Read the whole series:

A Little Medical News
Part 1: Off to the Hospital
Part 2: Homeward Bound
Part 3: No Place Like Home


Today, June 29, I mark my two-week anniversary since the surgery. Every day has been a benchmark of one kind or another — my first trip outside the house, my first shower, my first walk through Publix to pick up milk. Today, for the first time, I drove somewhere by myself — to the bank and the local WaWa.

My drive took me past the usual suburban Orlando landmarks — used car lots, storage units, Dollar General, Circle K, Walgreen’s, McDonald’s. It was Apopka, Florida, but as far as I was concerned, it was the Champs-Élysées and it was beautiful.

This is my life. Miracles abound.

And in my journey, as I pray my way from day to day and wonder what lies ahead — well, for one thing, I have my first follow-up with my surgeon tomorrow — I find myself circling back again and again to one simple notion.

Gratitude. Thanksgiving. Gratefulness. Any synonym will do. I’m just so damn thankful. For everything.

I’m thankful to God for walking with me. Since my diagnosis, I’ve never felt alone, frightened, abandoned or forgotten. I imagine him telling me, if I ever doubted it, “I’ve got this.” 

I’m thankful for my wife. God, I’m thankful for Siobhain, and all she did and does to remind me how much I’m loved, even with the mess of life and bandages and sutures and bags and tubes. I love her and I don’t know how I would have made it these two weeks without her.

I’m thankful for Mary. Yes, that Mary. She’s been looking out for me, I know it. It started before I was born, 67 years ago, when my parents and my sister prayed the Miraculous Medal Novena at a small church in Wheaton, Maryland, praying for the unborn baby who was coming into the world, praying that it would beat the odds and would survive. It did. I did.

I’m thankful for friends and strangers from so many places who heard about my diagnosis and dropped me a note or sent a text. “I’m praying for you.” “We added you to our prayer circle.” “I said Mass for you this morning.” “I lit a candle at the grotto for you.” I can never repay that kind of quiet kindness and generosity of spirit.

Last week, I got this lovely card, from my friend Elizabeth Scalia. I don’t know why it moved me so much — maybe it was just the notion that strangers in the middle of America, in a cloister far from Florida, were praying for me, because that’s what Catholics do. I know it helped hasten my recovery. Don’t ask me how. I can’t explain it. Thank you, Elizabeth.

In recent days, I joined a Facebook group for prostate cancer survivors, and I’ve read accounts of men who are facing tougher battles than mine. I’ve made them my project. Every night, when my wife and I pray, I hold in my heart all those around the world who are facing a diagnosis of cancer, all those who are frightened or overwhelmed, the ones who can’t get the health care they need or the support they want, or who feel just utterly alone.

Lord, have mercy. Walk beside them as you have walked beside me. Give the lonely, comfort…the despairing, hope…the frightened, courage. Help them to fight and win. Help the unbelievers to believe. Let them know they are loved. 

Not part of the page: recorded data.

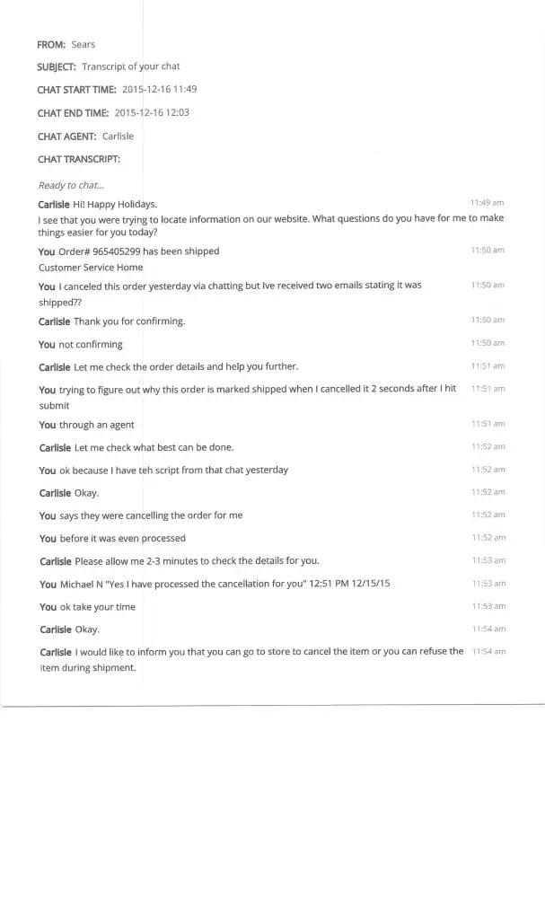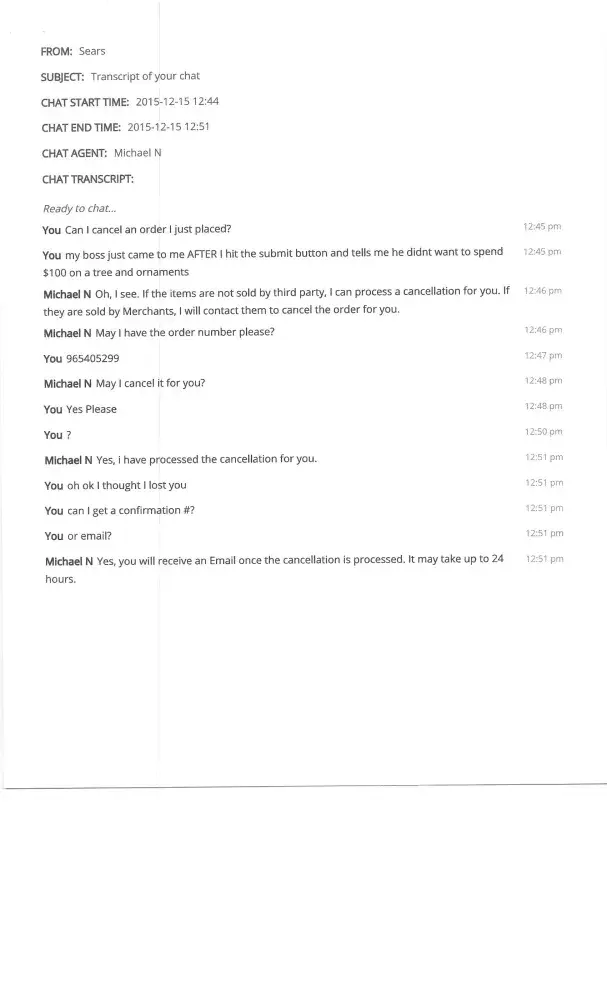 I placed an order for a pre-lit tree and ornaments for the office per my boss and right when I clicked the submit button Boss tells me he doesn't want to pay that price for those items so I immediately clicked on Customer Service Chat. I gave the order # and explained my dilemma and was told he cancelled the order and I would receive an email within 24...
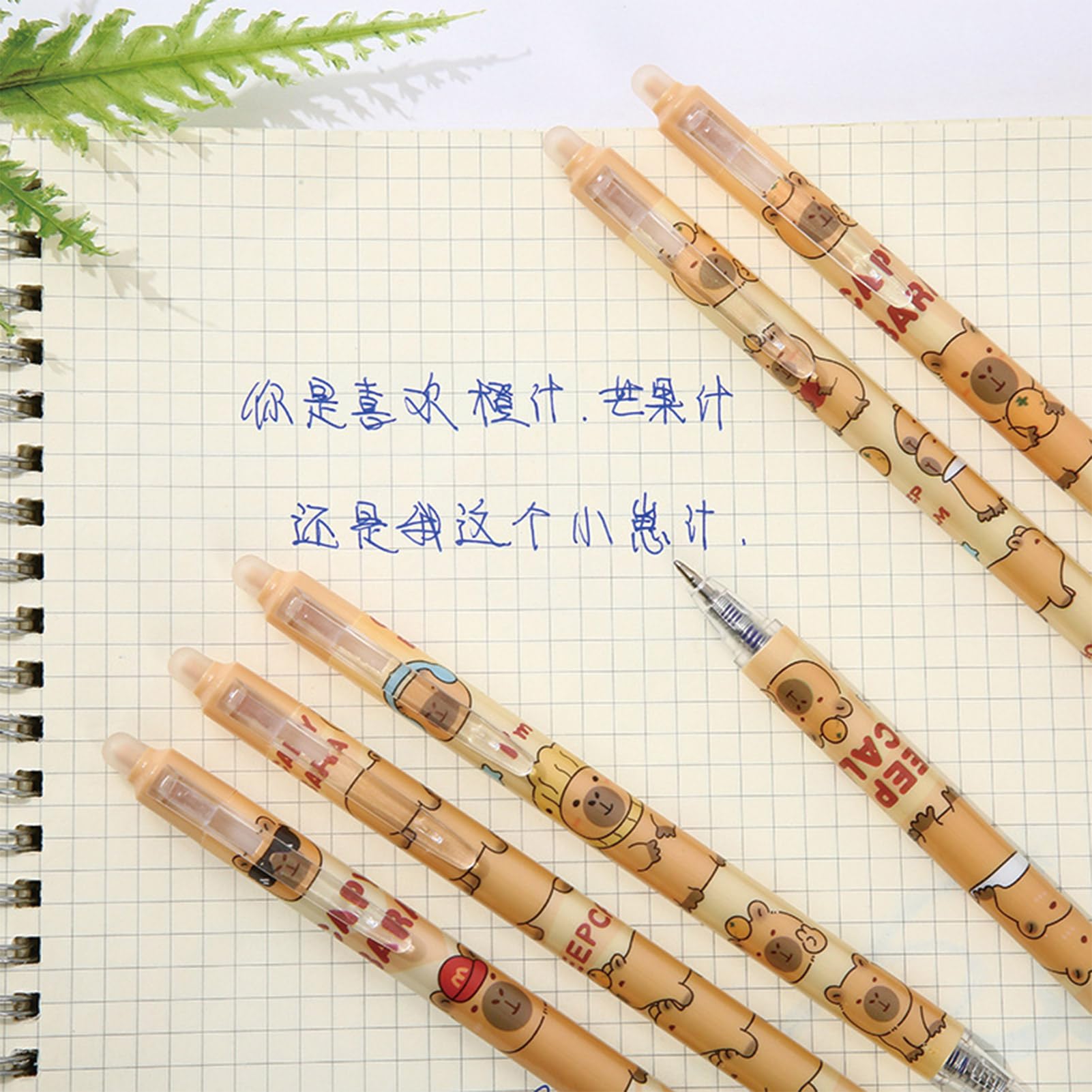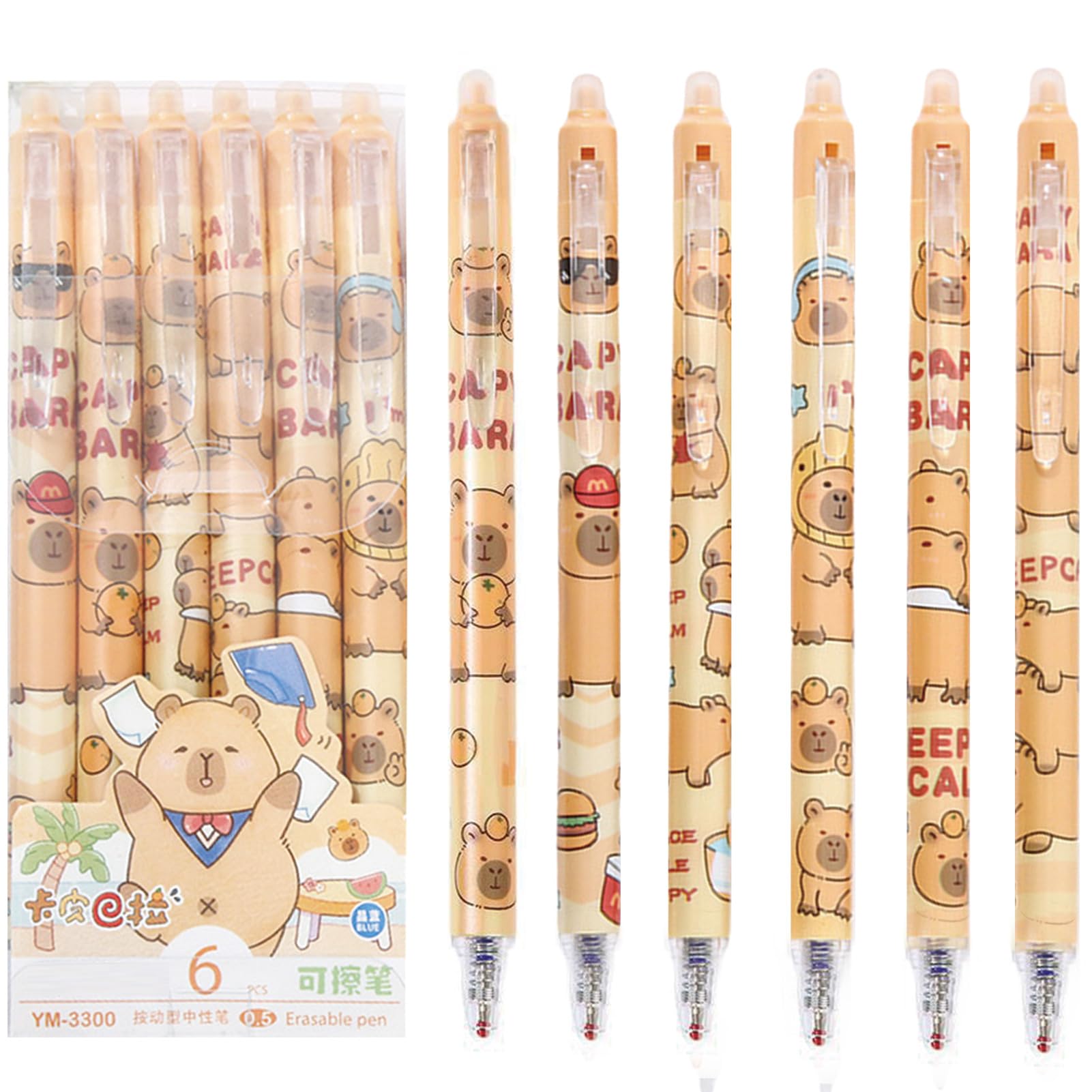 Cute Retractable Pen: The cute gel ink pens are made of plastic material, 6 pieces pens with cute cartoon capybara patterns, so cute, perfect pens for women girls boys.
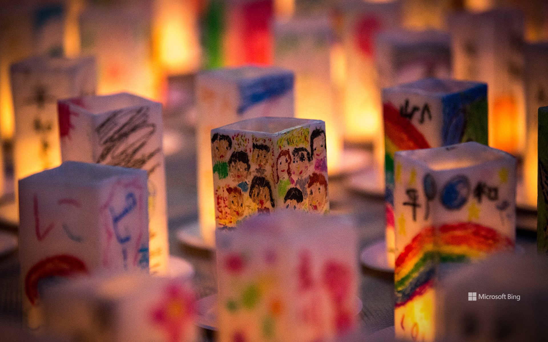 画像は、もう一つの被爆都市・長崎の平和公園で撮影されたもので、子どもたちが平和への祈りを込めて作った「ピースキャンドル」です。今日、広島でも、原爆死没者の慰霊を行うと共に、平和への祈りを込めた「ピースメッセージとうろう流し」が行われます。
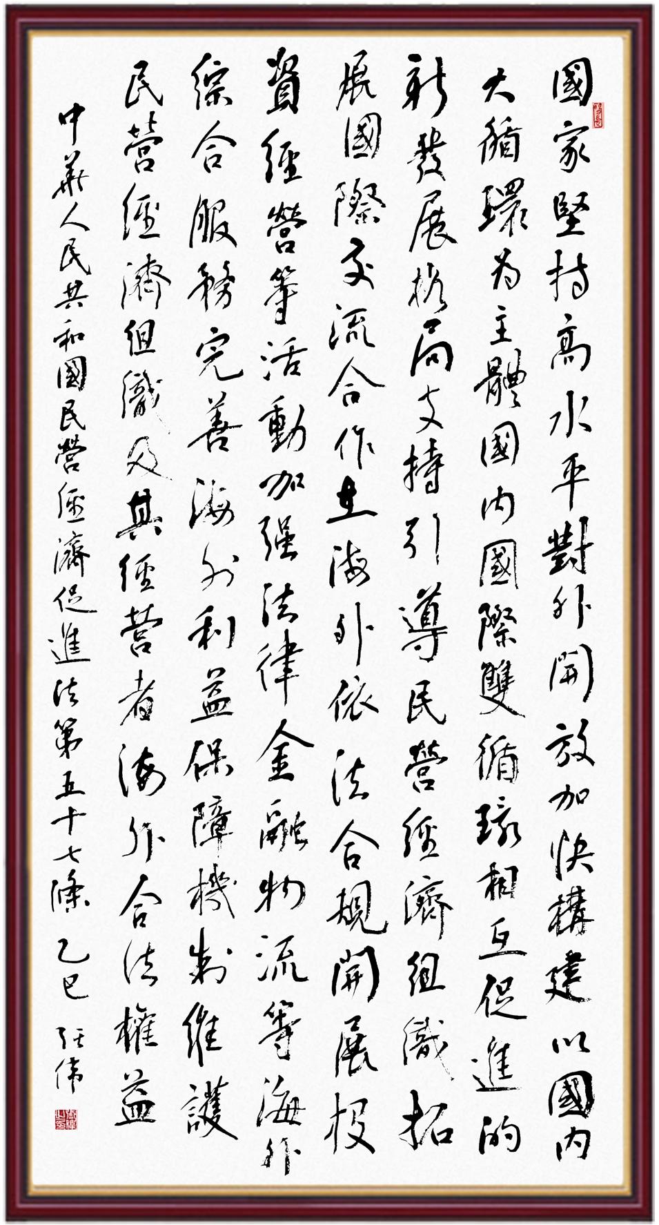 《中華人民共和國(guó)民營(yíng)經(jīng)濟(jì)促進(jìn)法》自今年5月20日起施行。作為我國(guó)首部專門關(guān)于民營(yíng)經(jīng)濟(jì)發(fā)展的基礎(chǔ)性法律,民營(yíng)經(jīng)濟(jì)促進(jìn)法將支持和保障民營(yíng)經(jīng)濟(jì)發(fā)展的法律制度融入中國(guó)特色社會(huì)主義法律體系,具有重大的法治意義,為促進(jìn)民營(yíng)經(jīng)濟(jì)持續(xù)、健康、高質(zhì)量發(fā)展提供了堅(jiān)實(shí)的法治保障。為更好地學(xué)習(xí)、宣傳、貫徹這部法律,法治日?qǐng)?bào)社聯(lián)合司法部普法與依法治理局,開展“‘書·法’系列活動(dòng)之書寫《中華人民共和國(guó)民營(yíng)經(jīng)濟(jì)促進(jìn)法》”活動(dòng)。
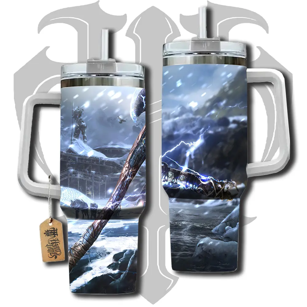 HardTimesMerch - God Of War Ragnarok 40oz Handle Tumbler Stainless Steel Travel Mug, Anime Inspired Vacuum Insulated Cup, Large Iced Coffee Tumbler, Manga Fighter Drinkware, Otaku Gift for Him Her
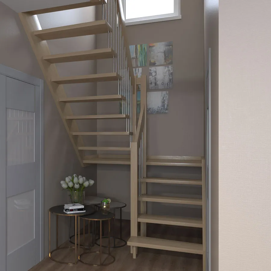 Решение об ориентации поворота лестницы принимается при сборке (комплект собирается и в правозабежную, и в левозабежную лестницу)

A favorite story I like to tell at retreats and parish missions is about the hymn “Now Thank We All Our God,” which began as a prayer composed by a Lutheran deacon, Martin Rinkart, in Germany in the middle of the 30 Years War. (You can read more about it here.) He wrote it for his children to pray at night. Their mother had died from the plague, and the entire village was ravaged by sickness and grief. But in the midst of plague, amid heartbreak and death, Rinkart didn’t write a prayer of petition. Instead, he wrote a prayer of thanksgiving, expressing unending gratitude to God for “the wondrous things” he’s done, “in whom this world rejoices.”

That resonates with me right now.

I know I’m not out of the woods — there are acres of trees stretching before me — but I can’t help but thank God for getting me this far, for keeping up my spirits, for giving me more opportunities to write and preach and pray, and for giving me Siobhain as my companion on the journey.

I can’t look at what I don’t have — it will be awhile before I’m swimming laps in the pool, and right now every sneeze and giggle is fraught with peril that makes me double-check my lap — but I can look at what I have.

When I do, I’m so unbelievably grateful.

Blessed Solanus Casey used to tell people, “Thank God ahead of time.” I’m on board with that.

Thank you, God — for what has been, what is, and what will be.